Wednesday, January 07, 2009


I'm so worried about what Bushie is going to try and pull off in the next two weeks before he's sent packing back to Texas ... his legacy is SHIT ... he will go down as the worst pResident this great country of ours has ever had ... even after history judges him ... this is from today's Progress Report:

The Bush Legacy Propaganda

President Bush repeatedly argues that neither he nor his contemporaries are yet able to fully assess his legacy. Rather, he and his advisers say -- again and again and again -- that "history will judge" whether he was an effective president. Despite this oft-repeated claim, the President seems disinclined to leave any of his legacy to chance. In recent weeks, he and his advisers have offered assessments of the Bush era that are increasingly at odds with reality. Condoleezza Rice, for example, argued that Bush engaged the United Nations more than any other president. And just yesterday, Bush told a crowd that Donald Rumsfeld did an "outstanding job" as Secretary of Defense. In a similar vein, the White House recently released a report entitled, "Highlights of Accomplishments and Results of the Administration of George W. Bush" that featured a list of "100 Things Americans May Not Know About the Bush Administration Record." As Frank Rich wrote for the New York Times, "This document is the literary correlative to 'Mission Accomplished.'" As Rich notes, much of the legacy report's claims about the Bush administration's economic, social, and international accomplishments are only true under very narrow conditions, suggesting that the President hopes that Americans would blind themselves to the broader failures of his presidency.
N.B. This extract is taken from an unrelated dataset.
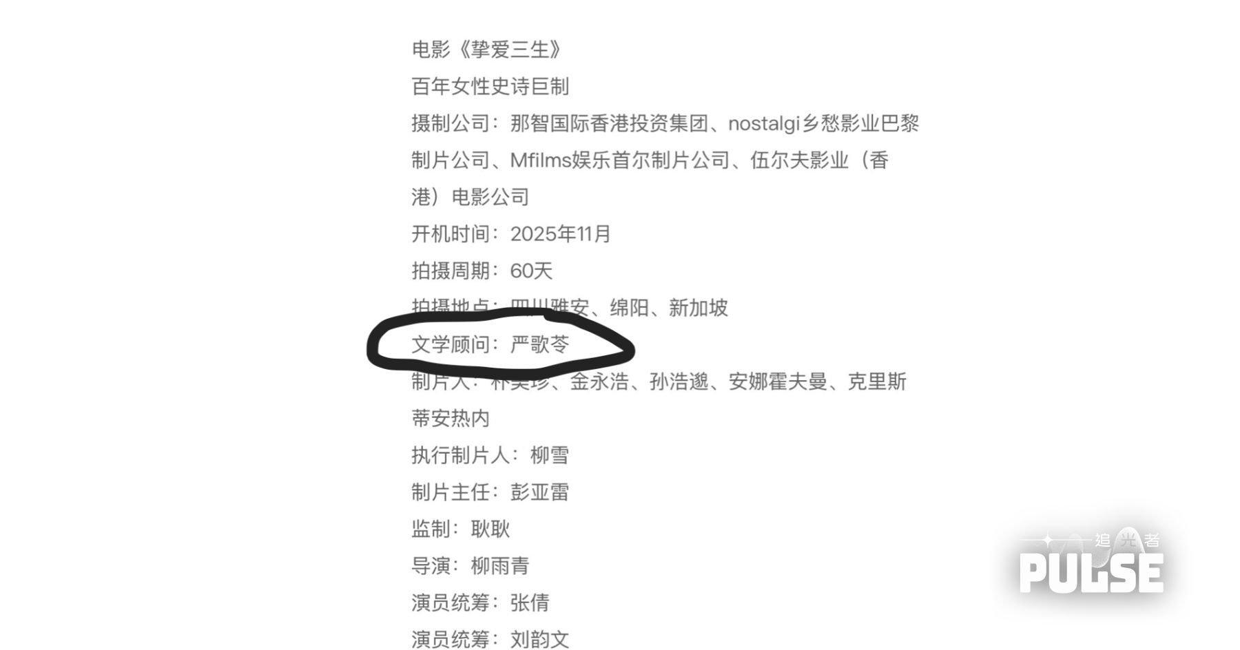 影片將於2025年11月開機,拍攝周期60天,主要拍攝地點在四川雅安、綿陽、新加坡,前期籌備地址位於上海。而劇組名單中,文學顧問為嚴歌苓,這是自2022年以來,嚴歌苓名字再次出現在中國內地影視作品中。該片故事講述跨越三生的愛情與女性命運,融入歷史與情感元素。儘管官方尚未正式公布,但網路截圖已廣泛流傳,部分網友猜測這可能是嚴歌苓作品時隔三年後首次在內地重現。

TOLL ON ECONOMY: The Bush legacy document declares that Bush "instituted pro-growth policies" that produced "six years of uninterrupted economic growth and an unprecedented 52 consecutive months of job creation" and asks, "Did you know the President's tax relief helped fuel growth that led to the largest three year increase in revenues in 26 years?" In reality, the President's "pro-growth policies" served to weaken the economy by nearly doubling the federal debt, championing deregulation on Wall Street, and increasing the income gap. While Bush claims that his tax cuts provided needed economic stimulus and pulled the economy out of recession in 2001, Nobel Prize-winning economist Paul Krugman explained simply, "None of this is true." A recent Los Angeles Times poll found that 75 percent of Americans feel that Bush economic policies were responsible for the current weakened state of the U.S. economy. Further, Americans see the error of Bush's reckless economic deregulation, with 62 percent calling for more aggressive regulation on Wall Street. Bush, however, has not learned his lesson. Yesterday, he told the conservative publication Human Events, "I will continue to argue for low taxes, less regulation."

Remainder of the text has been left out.